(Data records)
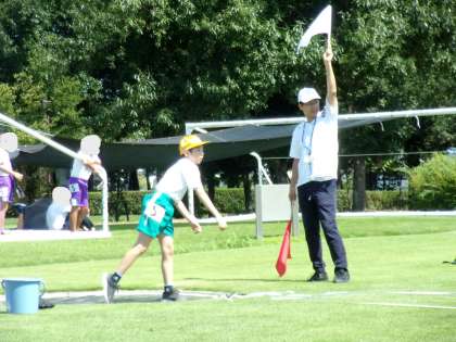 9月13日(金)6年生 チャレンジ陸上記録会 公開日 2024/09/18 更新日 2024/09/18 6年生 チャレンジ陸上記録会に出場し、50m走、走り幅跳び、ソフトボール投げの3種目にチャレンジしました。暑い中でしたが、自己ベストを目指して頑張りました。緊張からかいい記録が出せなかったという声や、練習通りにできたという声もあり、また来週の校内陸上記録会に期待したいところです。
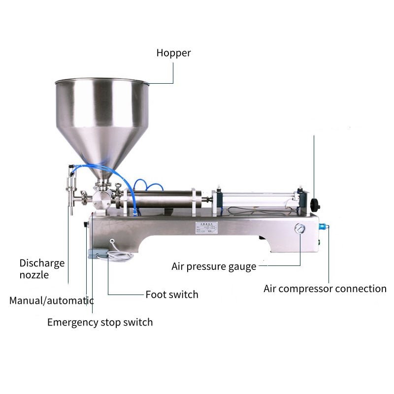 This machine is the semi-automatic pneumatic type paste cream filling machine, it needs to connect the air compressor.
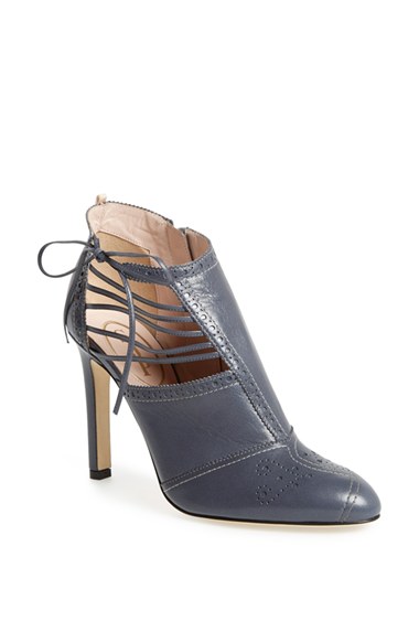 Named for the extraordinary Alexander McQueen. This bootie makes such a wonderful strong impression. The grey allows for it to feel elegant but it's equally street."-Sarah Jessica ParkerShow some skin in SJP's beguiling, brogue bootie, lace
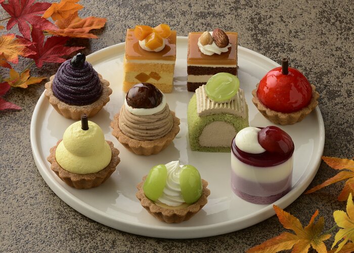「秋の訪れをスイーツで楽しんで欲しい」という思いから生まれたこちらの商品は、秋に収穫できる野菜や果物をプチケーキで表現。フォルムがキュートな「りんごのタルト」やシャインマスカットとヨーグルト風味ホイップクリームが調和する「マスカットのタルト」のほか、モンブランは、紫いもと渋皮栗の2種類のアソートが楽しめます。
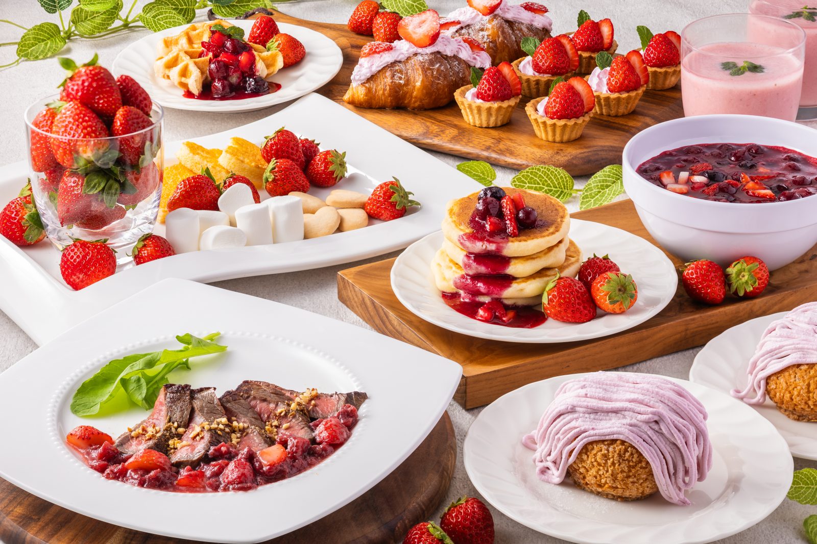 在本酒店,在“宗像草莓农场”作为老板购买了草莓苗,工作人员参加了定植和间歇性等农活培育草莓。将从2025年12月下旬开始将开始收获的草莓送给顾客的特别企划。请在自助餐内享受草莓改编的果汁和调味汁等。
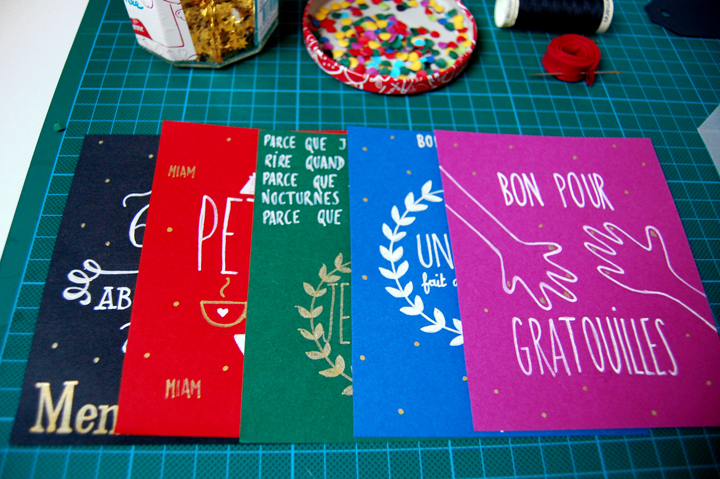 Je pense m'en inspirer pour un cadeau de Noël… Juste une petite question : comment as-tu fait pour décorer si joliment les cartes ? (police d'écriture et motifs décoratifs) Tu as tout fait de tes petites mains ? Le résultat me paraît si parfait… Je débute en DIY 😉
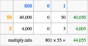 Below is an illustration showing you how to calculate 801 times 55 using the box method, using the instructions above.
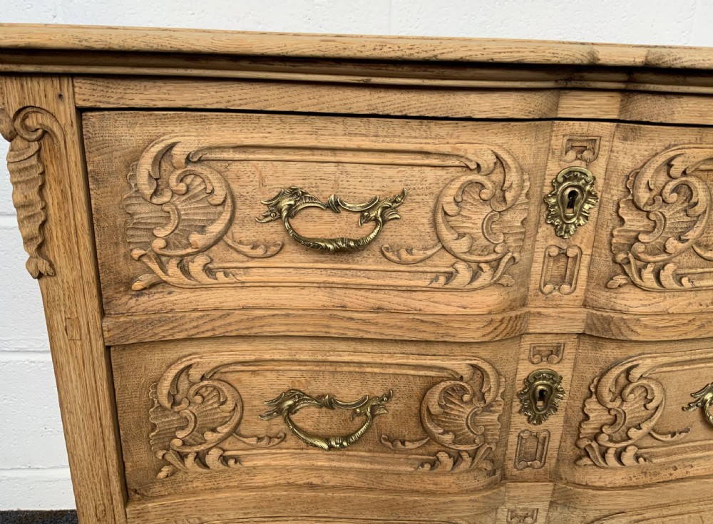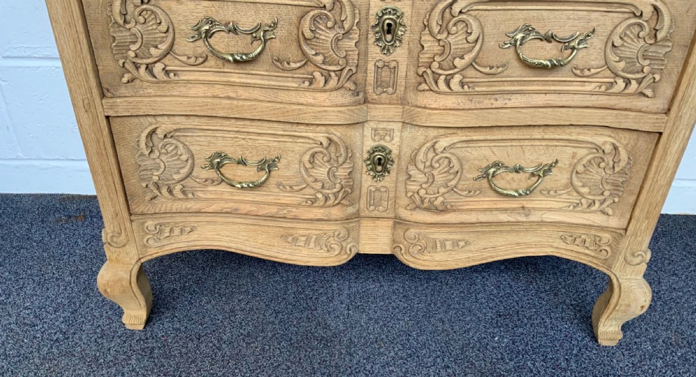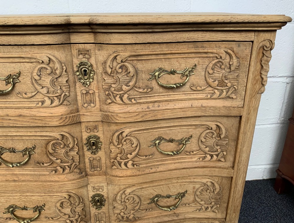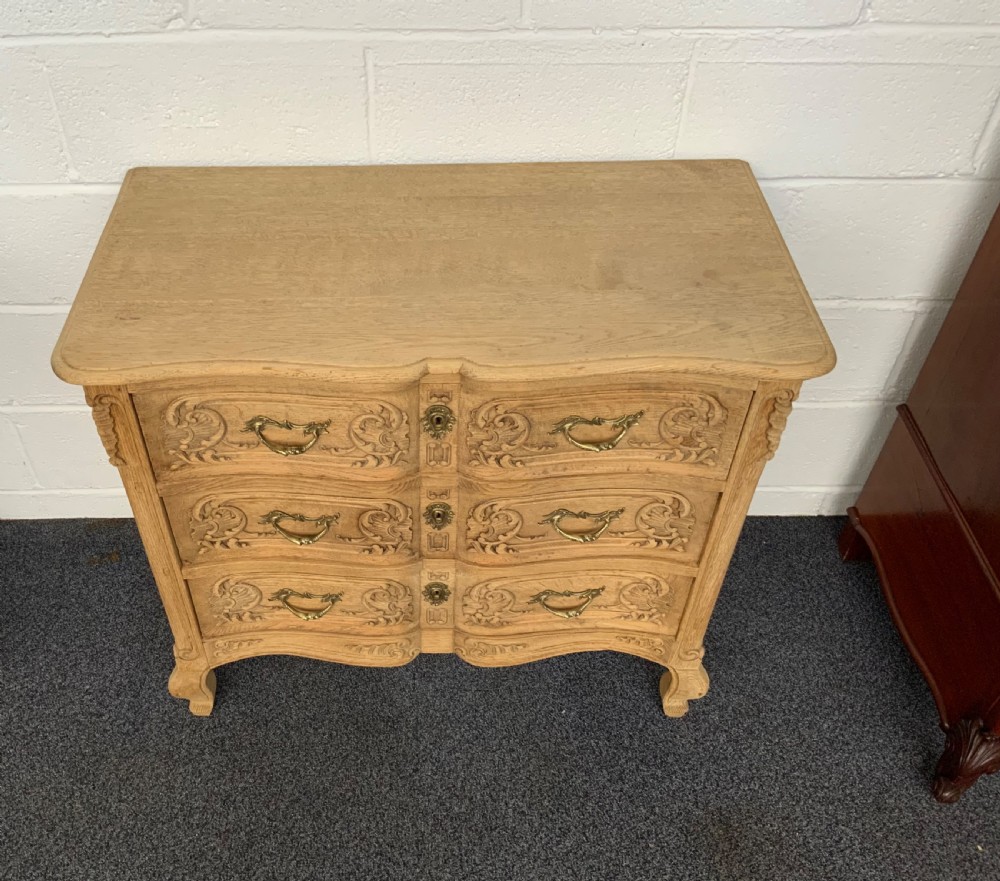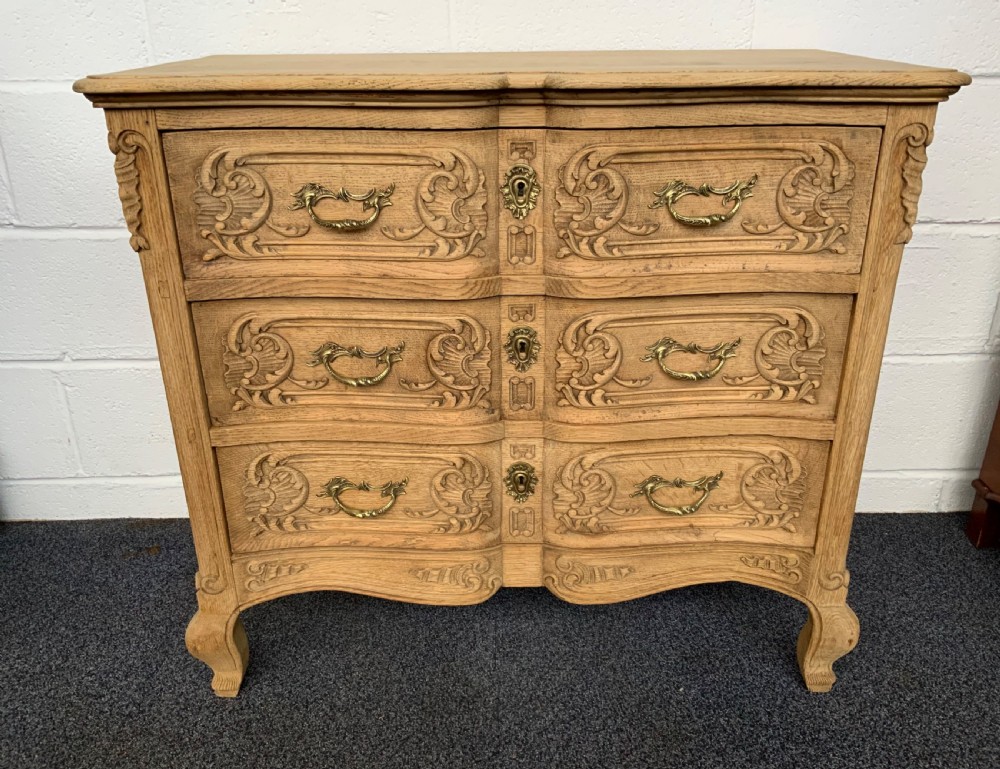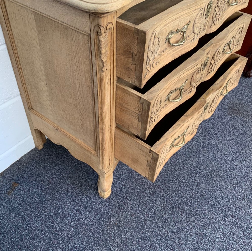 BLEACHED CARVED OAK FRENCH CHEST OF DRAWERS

▶ **Task item**
With the pictures excluded, transcribe word for word only the lines from the one containing "Below is an" through the last line of the records.

▶ **Exercise solution**
 Below is an illustration showing you how to calculate 801 times 55 using the box method, using the instructions above.
 BLEACHED CARVED OAK FRENCH CHEST OF DRAWERS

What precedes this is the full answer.